The House-passed health care legislation doesn't include a Medicare buy-in provision. In the Senate, meanwhile, major questions emerged about how such a buy-in would work:

- Would subsidies be available to people with low and moderate incomes? Analysts said subsidizing the costs of the premiums would encourage healthier people to join, which could help control premium growth over time.

- How much would people have to pay in premiums? CBO estimated last year that a slightly different proposal — to allow people aged 62 to 64 to buy their way into Medicare – would result in premiums of $7,600 a year. Medicare's expenses would not rise, the CBO said, but the government would see a $1.6 billion increase in Social Security payments between 2010 and 2019 as some people retired early.

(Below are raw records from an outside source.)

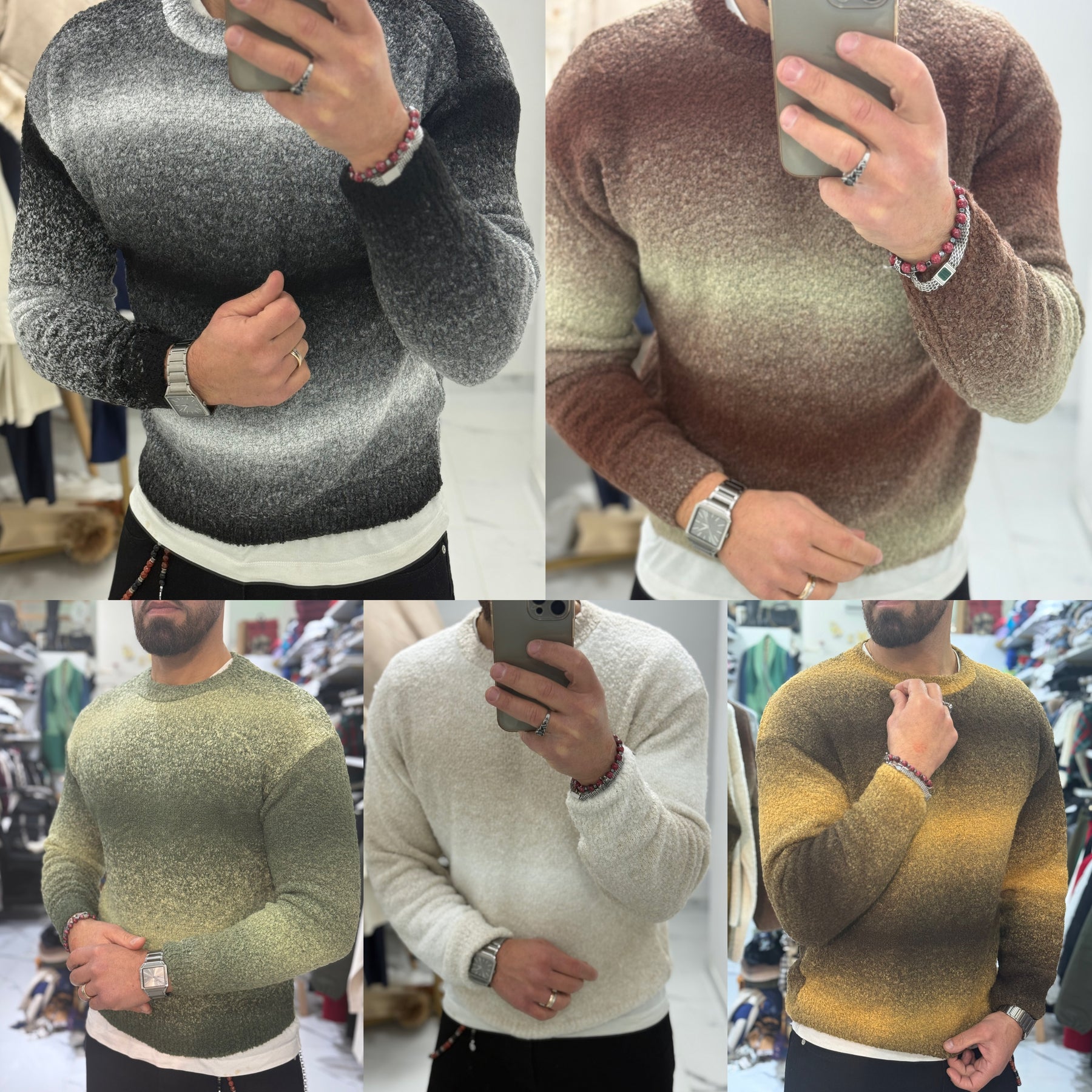 Maglione girocollo sfumato bouclé Made in Italy morbidissimo e caldo il modello indossa L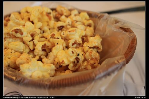 餐前菜 甜的爆米花 無限供應 特色之一 外層沾附的糖漿滿平均的 很涮取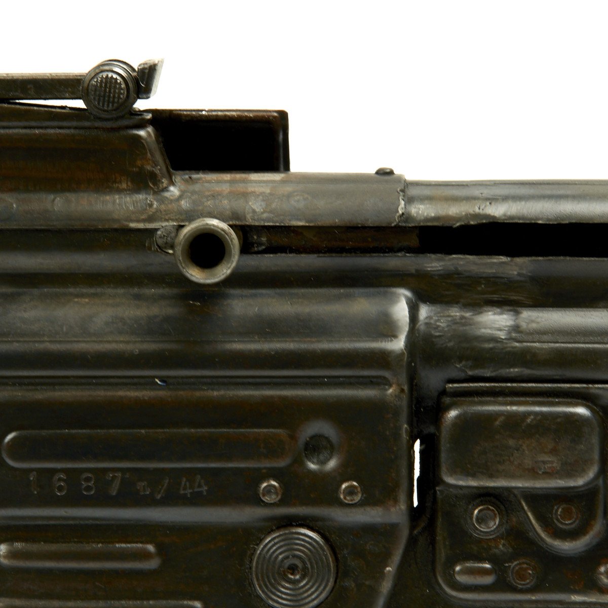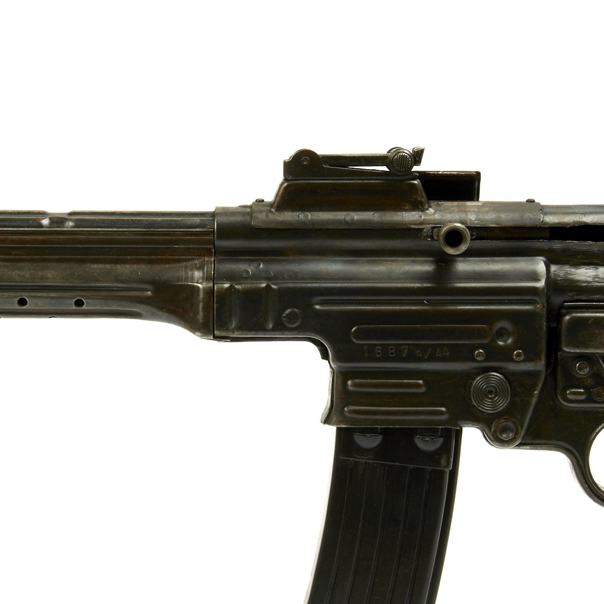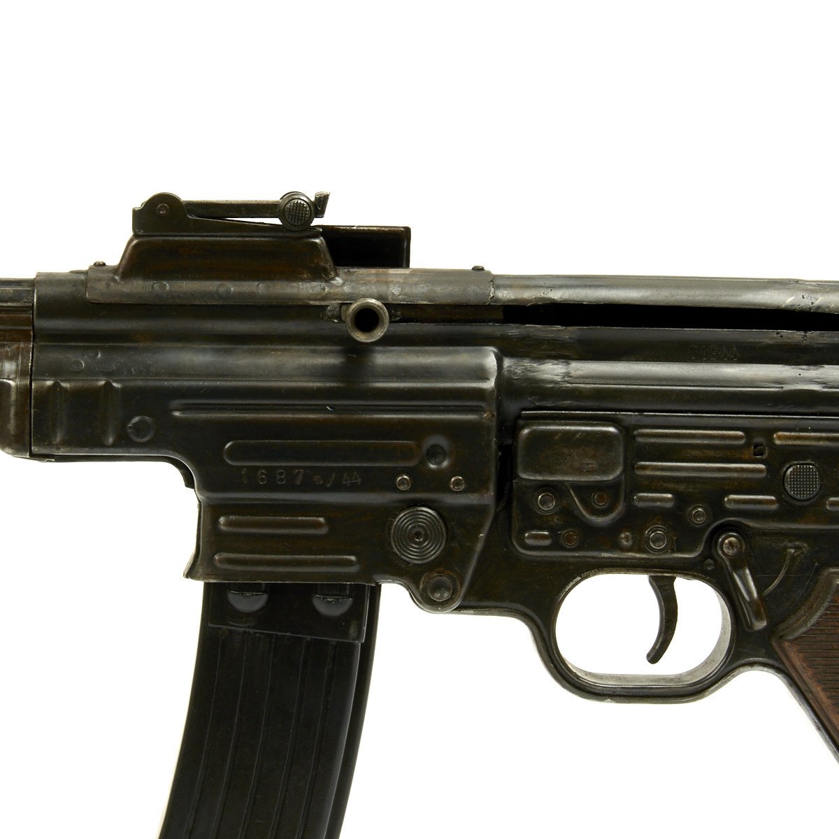 This sample is in excellent condition bearing original serial number 1687, multiple Waffenamt Codes and is dated 1944! Both the receiver and trigger group have inspection stamps. Constructed by a precision-minded master-craftsman exclusively for IMA this display gun was built from an IMA all original WW2 era parts set that includes an original demilitarized receiver, and a non-functional reproduction metal MP44 magazine.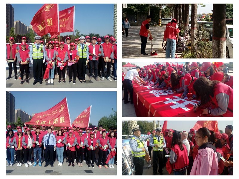 启动仪式上,人头攒动,段东旭代表学院接受了志愿服务支队队旗,带领学院广大志愿者宣誓,志愿者在“共建志愿之城 打造魅力高新”横幅上签字。启动仪式结束后,学院志愿者在幸福城附近开展了系列志愿服务活动。活动中,志愿者打扫街旁地垃圾,协助交警、民警开展交通安全、禁毒宣传活动,志愿者发放交通安全宣传资料和交通安全小礼品,向广大群众广泛宣传交通安全和禁毒相关知识。在现场,前来咨询知识的群众络绎不绝,志愿者耐心细致的为群众答疑解惑,赢得了广大群众地一致好评。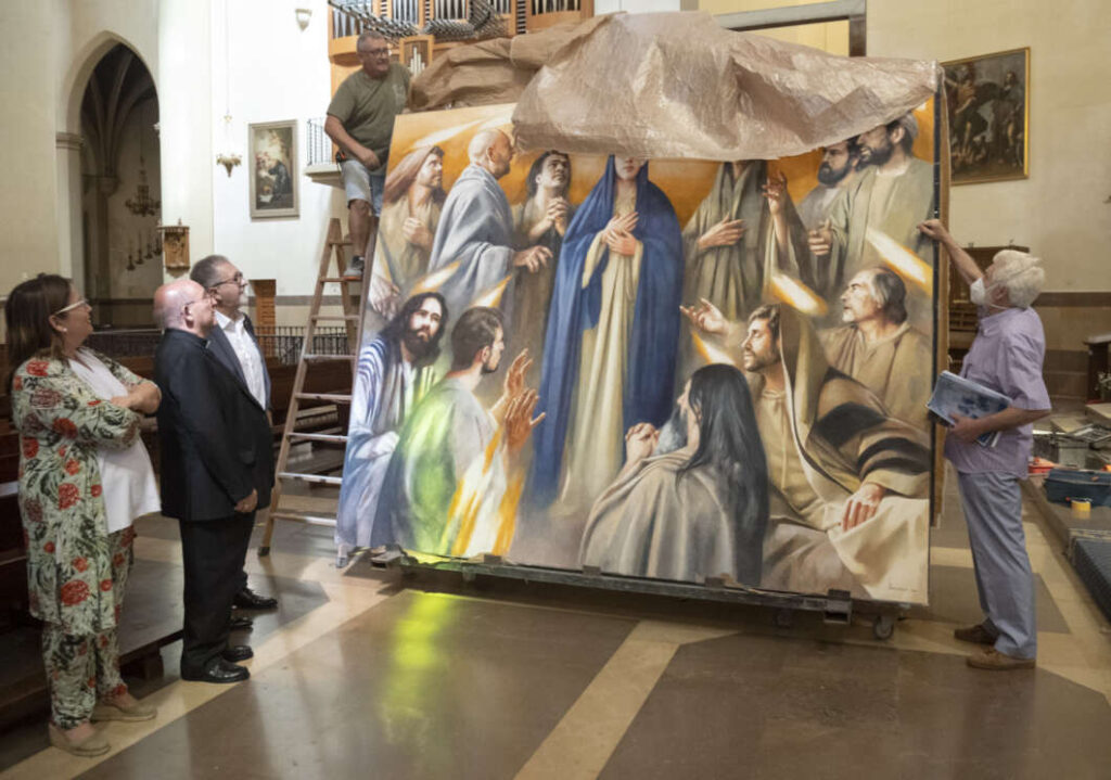 Este jueves se ha procedido a la colocación de los dos últimos cuadros del retablo central de la Concatedral de Santa María de Castellón, que se compone de nueve obras realizadas por el pintor Traver Calzada. Se trata de una colaboración que desde 2014 ha supuesto una inversión global de 353.925 euros por parte de la institución provincial. En el actual mandato, bajo el impulso de la diputada de Cultura, Ruth Sanz, se ha finalizado el proceso con la colocación de los cuatro últimos cuadros, de los que tres han tenido un coste de 117.975 euros y uno ha sido donado por el propio artista.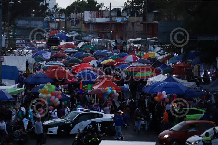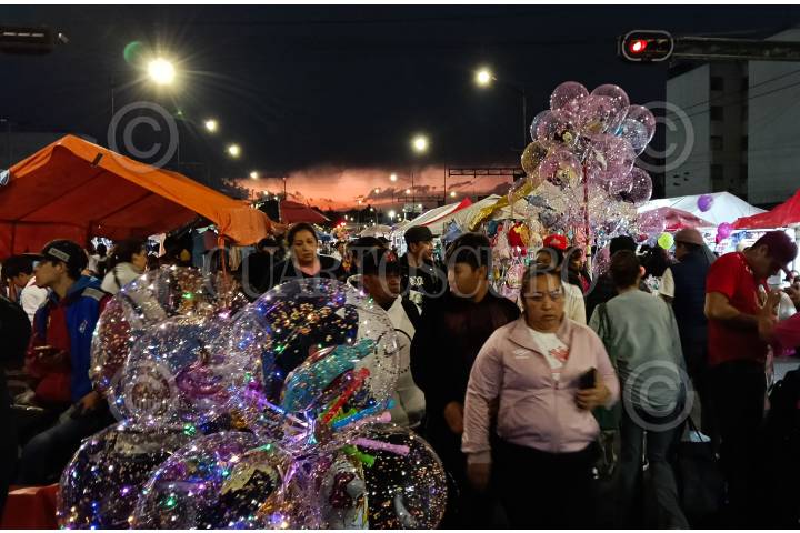 CIUDAD DE MÉXICO, 05ENERO2025.- Dos personas venden globos durante la venta de regalos para Reyes Magos. FOTO: DANIEL AUGUSTO/ CUARTOSCURO.COM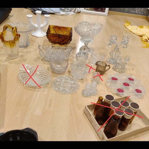 Erilaiset lasiset maljakot ja koriste-esineet eri väreissä, kuten oranssi, vihreä, sininen, punainen ja kirkas. Kokoja ja muotoja vaihtelevat, sisältäen korkeita ja matalia maljakoita sekä pieniä koristelyhtyjä. Materiaali lasi.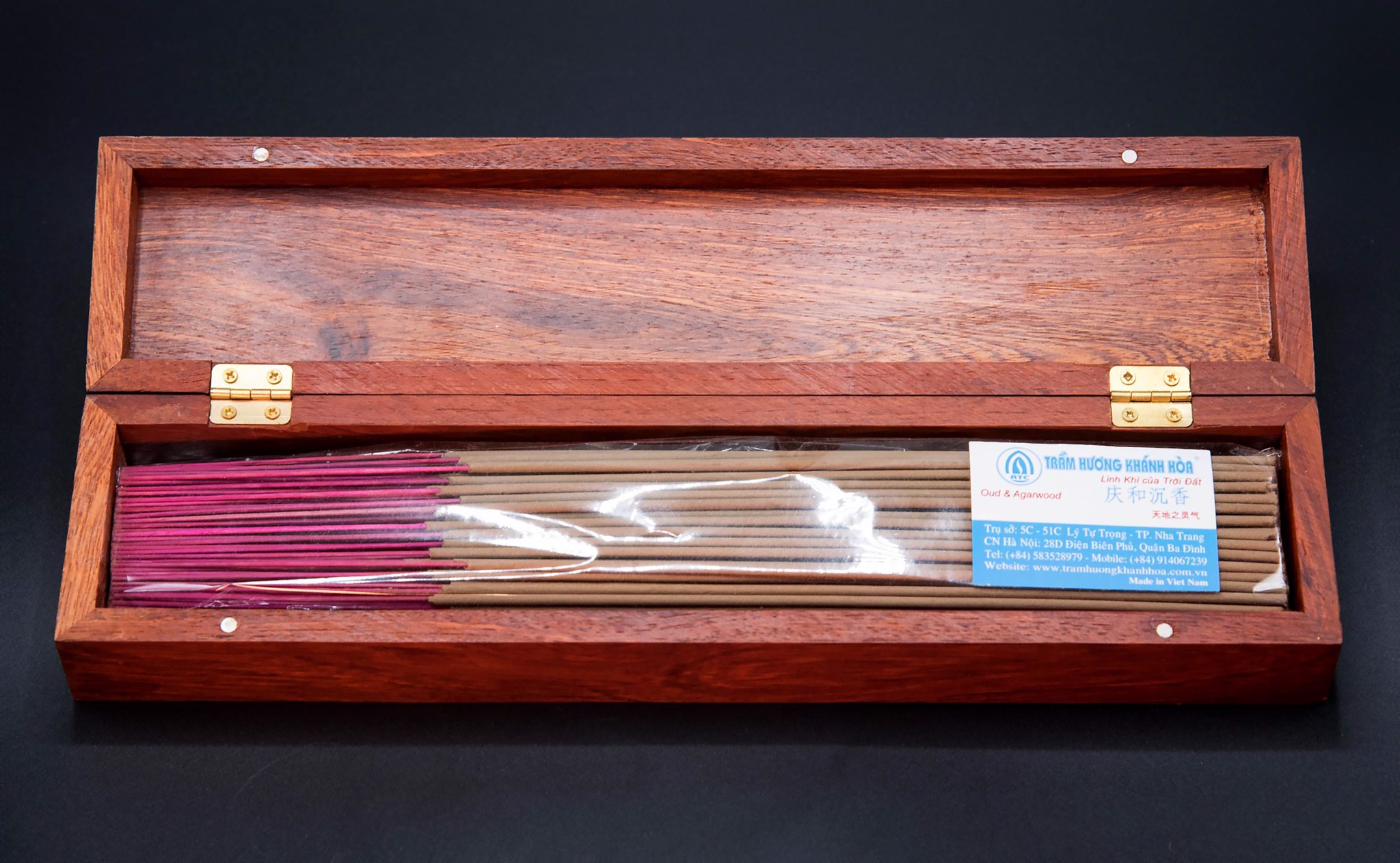 Hương trầm (nhang trầm) được để trong hộp làm bằng gỗ hương quý hiếm.

- Would the buy-in simply be a temporary measure until exchanges, the insurance marketplaces that would be created under the health legislation, are up and running in 2014? Supporters say this would give immediate relief to those who can't find coverage now. Opponents worry that Congress wouldn't be able to bring itself to end the program, even after the exchanges are operating.

The Medicare buy-in proposal is one element of a multi-pronged strategy a group of 10 moderate and liberal Democrats are developing in a complicated effort to secure the votes needed to pass the health legislation. Among other things, the negotiators are trying to find a middle ground between progressive lawmakers who want the bill to include a public plan run by the government and more conservative members who say they won't vote for a measure if it includes such an option.

In an effort to break the logjam, the lawmakers are discussing allowing private insurers to offer national policies under the supervision of the federal Office of Personnel Management, which currently administers a similar program for federal employees and Congress.

Opening Medicare to those 55 and over has long been pushed by Sen. Jay Rockefeller, D-W.Va., who Tuesday said, "I'm glad to see (this idea) getting serious consideration."

But Sen. Byron Dorgan, D-N.D. said he's not happy with the idea. "We have the lowest Medicare reimbursement rates in the country in North Dakota, we're at the bottom or second to the bottom. We'd have to straighten out the reimbursement rates before I'd want more buy-in to Medicare at current rates."

Leslie Norwalk, former acting administrator of the agency that oversees Medicare, said opponents see the buy-in idea as another step toward increased government control, and eventually a single-payer system.

"Medicare is the most popular health plan out there and the idea that it might be expanded is intriguing," said John Rother, director of legislation and public policy for AARP, the seniors' lobby. "But whether we could support it or not would depend on all these (as yet not spelled out) details that are quite consequential for the future of the program."

Joe Baker, president of the Medicare Rights Center, said he's glad the buy-in idea is being discussed. But, he said, one of the challenges for lawmakers would be to ensure that the buy-in population would get the same benefits as people getting insurance through the new exchanges. If the benefits weren't similar, he said, Medicare might attract only those who couldn't get a better deal elsewhere. That, in turn, could mean it would attract a sicker population, driving up costs.

But under the current versions of the health care legislation, the insurance on the exchanges would be more generous than what Medicare provides. The basic plans offered under the House-passed legislation would limit annual out-of pocket costs to $5,000 for individuals and $10,000 for families. The Senate limits are a bit higher. But traditional Medicare doesn't have limits on out-of-pocket costs.

This story was produced through collaboration between NPR and Kaiser Health News (KHN), an editorially independent program of the Henry J. Kaiser Family Foundation, a nonpartisan health-care policy research organization. The Kaiser Family Foundation is not affiliated with Kaiser Permanente.